* [WHAT IS BEING ASKED] Pictures aside, each record should be reproduced exactly.

(Stored data entries)
-- Opening Marker --

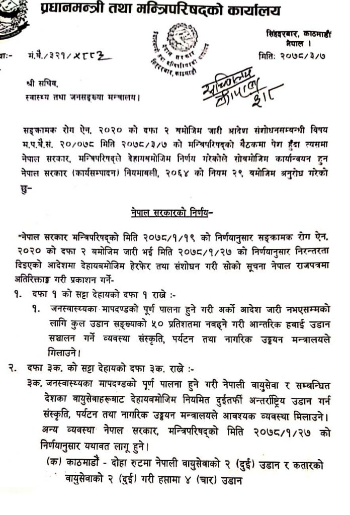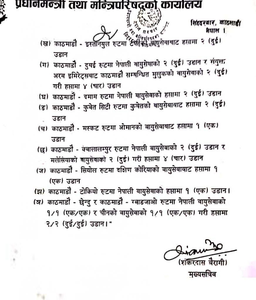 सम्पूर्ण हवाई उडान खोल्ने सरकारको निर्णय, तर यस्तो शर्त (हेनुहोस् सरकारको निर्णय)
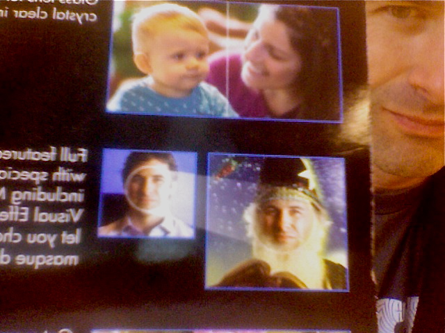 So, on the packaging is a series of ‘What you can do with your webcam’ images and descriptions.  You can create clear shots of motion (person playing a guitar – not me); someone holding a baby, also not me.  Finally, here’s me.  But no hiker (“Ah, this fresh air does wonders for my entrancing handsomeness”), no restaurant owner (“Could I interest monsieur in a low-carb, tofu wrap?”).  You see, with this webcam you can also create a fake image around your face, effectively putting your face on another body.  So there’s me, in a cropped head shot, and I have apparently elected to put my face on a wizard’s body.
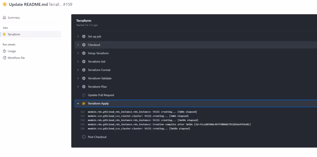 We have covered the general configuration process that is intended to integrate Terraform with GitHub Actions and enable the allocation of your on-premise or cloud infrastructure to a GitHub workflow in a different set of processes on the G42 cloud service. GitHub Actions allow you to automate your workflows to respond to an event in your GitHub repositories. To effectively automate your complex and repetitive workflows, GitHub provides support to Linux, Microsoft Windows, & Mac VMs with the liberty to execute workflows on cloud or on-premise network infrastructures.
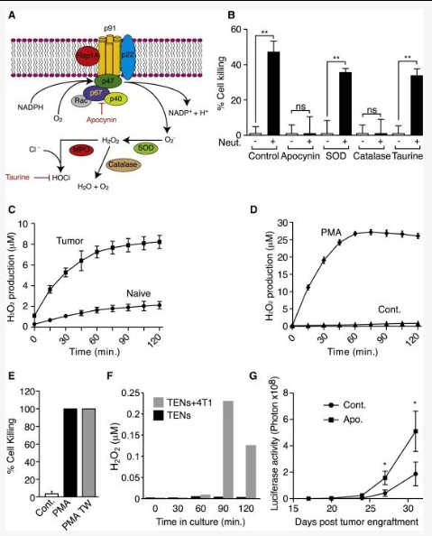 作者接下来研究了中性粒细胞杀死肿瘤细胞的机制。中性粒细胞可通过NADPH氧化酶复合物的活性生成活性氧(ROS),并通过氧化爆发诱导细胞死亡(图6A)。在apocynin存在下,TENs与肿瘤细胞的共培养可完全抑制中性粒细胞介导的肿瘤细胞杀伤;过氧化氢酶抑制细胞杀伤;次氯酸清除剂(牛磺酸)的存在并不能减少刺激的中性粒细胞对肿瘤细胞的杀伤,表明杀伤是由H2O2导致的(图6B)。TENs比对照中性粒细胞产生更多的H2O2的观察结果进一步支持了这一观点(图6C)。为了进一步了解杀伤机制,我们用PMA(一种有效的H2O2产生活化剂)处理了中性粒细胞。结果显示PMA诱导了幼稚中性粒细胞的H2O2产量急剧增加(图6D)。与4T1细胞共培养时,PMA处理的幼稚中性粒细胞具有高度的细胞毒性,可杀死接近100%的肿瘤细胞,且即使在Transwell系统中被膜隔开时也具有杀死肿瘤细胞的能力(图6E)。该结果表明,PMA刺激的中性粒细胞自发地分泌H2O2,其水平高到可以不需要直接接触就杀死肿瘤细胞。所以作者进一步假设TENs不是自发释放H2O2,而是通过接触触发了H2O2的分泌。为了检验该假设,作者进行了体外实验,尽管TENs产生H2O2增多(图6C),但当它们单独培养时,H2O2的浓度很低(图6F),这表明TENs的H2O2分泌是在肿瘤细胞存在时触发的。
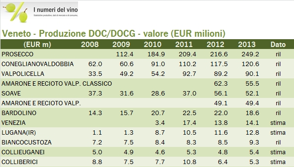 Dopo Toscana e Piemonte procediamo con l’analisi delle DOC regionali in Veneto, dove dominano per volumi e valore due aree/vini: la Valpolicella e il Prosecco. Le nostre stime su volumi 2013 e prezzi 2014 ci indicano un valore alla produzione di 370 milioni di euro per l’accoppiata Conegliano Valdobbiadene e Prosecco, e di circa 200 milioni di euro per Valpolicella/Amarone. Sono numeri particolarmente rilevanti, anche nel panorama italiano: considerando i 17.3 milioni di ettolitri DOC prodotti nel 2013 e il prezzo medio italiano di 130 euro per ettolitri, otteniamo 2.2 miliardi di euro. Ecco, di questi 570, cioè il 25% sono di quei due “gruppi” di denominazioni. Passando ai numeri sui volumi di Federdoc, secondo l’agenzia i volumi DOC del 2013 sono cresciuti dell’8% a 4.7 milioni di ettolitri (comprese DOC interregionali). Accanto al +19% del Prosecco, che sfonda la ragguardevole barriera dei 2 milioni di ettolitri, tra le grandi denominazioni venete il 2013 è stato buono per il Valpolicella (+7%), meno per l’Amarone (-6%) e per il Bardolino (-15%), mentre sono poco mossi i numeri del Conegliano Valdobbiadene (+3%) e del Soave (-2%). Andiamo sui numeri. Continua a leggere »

-- Closing Marker --

* [EXERCISE ANSWER]
 सम्पूर्ण हवाई उडान खोल्ने सरकारको निर्णय, तर यस्तो शर्त (हेनुहोस् सरकारको निर्णय)
 So, on the packaging is a series of ‘What you can do with your webcam’ images and descriptions.  You can create clear shots of motion (person playing a guitar – not me); someone holding a baby, also not me.  Finally, here’s me.  But no hiker (“Ah, this fresh air does wonders for my entrancing handsomeness”), no restaurant owner (“Could I interest monsieur in a low-carb, tofu wrap?”).  You see, with this webcam you can also create a fake image around your face, effectively putting your face on another body.  So there’s me, in a cropped head shot, and I have apparently elected to put my face on a wizard’s body.
 We have covered the general configuration process that is intended to integrate Terraform with GitHub Actions and enable the allocation of your on-premise or cloud infrastructure to a GitHub workflow in a different set of processes on the G42 cloud service. GitHub Actions allow you to automate your workflows to respond to an event in your GitHub repositories. To effectively automate your complex and repetitive workflows, GitHub provides support to Linux, Microsoft Windows, & Mac VMs with the liberty to execute workflows on cloud or on-premise network infrastructures.
 作者接下来研究了中性粒细胞杀死肿瘤细胞的机制。中性粒细胞可通过NADPH氧化酶复合物的活性生成活性氧(ROS),并通过氧化爆发诱导细胞死亡(图6A)。在apocynin存在下,TENs与肿瘤细胞的共培养可完全抑制中性粒细胞介导的肿瘤细胞杀伤;过氧化氢酶抑制细胞杀伤;次氯酸清除剂(牛磺酸)的存在并不能减少刺激的中性粒细胞对肿瘤细胞的杀伤,表明杀伤是由H2O2导致的(图6B)。TENs比对照中性粒细胞产生更多的H2O2的观察结果进一步支持了这一观点(图6C)。为了进一步了解杀伤机制,我们用PMA(一种有效的H2O2产生活化剂)处理了中性粒细胞。结果显示PMA诱导了幼稚中性粒细胞的H2O2产量急剧增加(图6D)。与4T1细胞共培养时,PMA处理的幼稚中性粒细胞具有高度的细胞毒性,可杀死接近100%的肿瘤细胞,且即使在Transwell系统中被膜隔开时也具有杀死肿瘤细胞的能力(图6E)。该结果表明,PMA刺激的中性粒细胞自发地分泌H2O2,其水平高到可以不需要直接接触就杀死肿瘤细胞。所以作者进一步假设TENs不是自发释放H2O2,而是通过接触触发了H2O2的分泌。为了检验该假设,作者进行了体外实验,尽管TENs产生H2O2增多(图6C),但当它们单独培养时,H2O2的浓度很低(图6F),这表明TENs的H2O2分泌是在肿瘤细胞存在时触发的。
 Dopo Toscana e Piemonte procediamo con l’analisi delle DOC regionali in Veneto, dove dominano per volumi e valore due aree/vini: la Valpolicella e il Prosecco. Le nostre stime su volumi 2013 e prezzi 2014 ci indicano un valore alla produzione di 370 milioni di euro per l’accoppiata Conegliano Valdobbiadene e Prosecco, e di circa 200 milioni di euro per Valpolicella/Amarone. Sono numeri particolarmente rilevanti, anche nel panorama italiano: considerando i 17.3 milioni di ettolitri DOC prodotti nel 2013 e il prezzo medio italiano di 130 euro per ettolitri, otteniamo 2.2 miliardi di euro. Ecco, di questi 570, cioè il 25% sono di quei due “gruppi” di denominazioni. Passando ai numeri sui volumi di Federdoc, secondo l’agenzia i volumi DOC del 2013 sono cresciuti dell’8% a 4.7 milioni di ettolitri (comprese DOC interregionali). Accanto al +19% del Prosecco, che sfonda la ragguardevole barriera dei 2 milioni di ettolitri, tra le grandi denominazioni venete il 2013 è stato buono per il Valpolicella (+7%), meno per l’Amarone (-6%) e per il Bardolino (-15%), mentre sono poco mossi i numeri del Conegliano Valdobbiadene (+3%) e del Soave (-2%). Andiamo sui numeri. Continua a leggere »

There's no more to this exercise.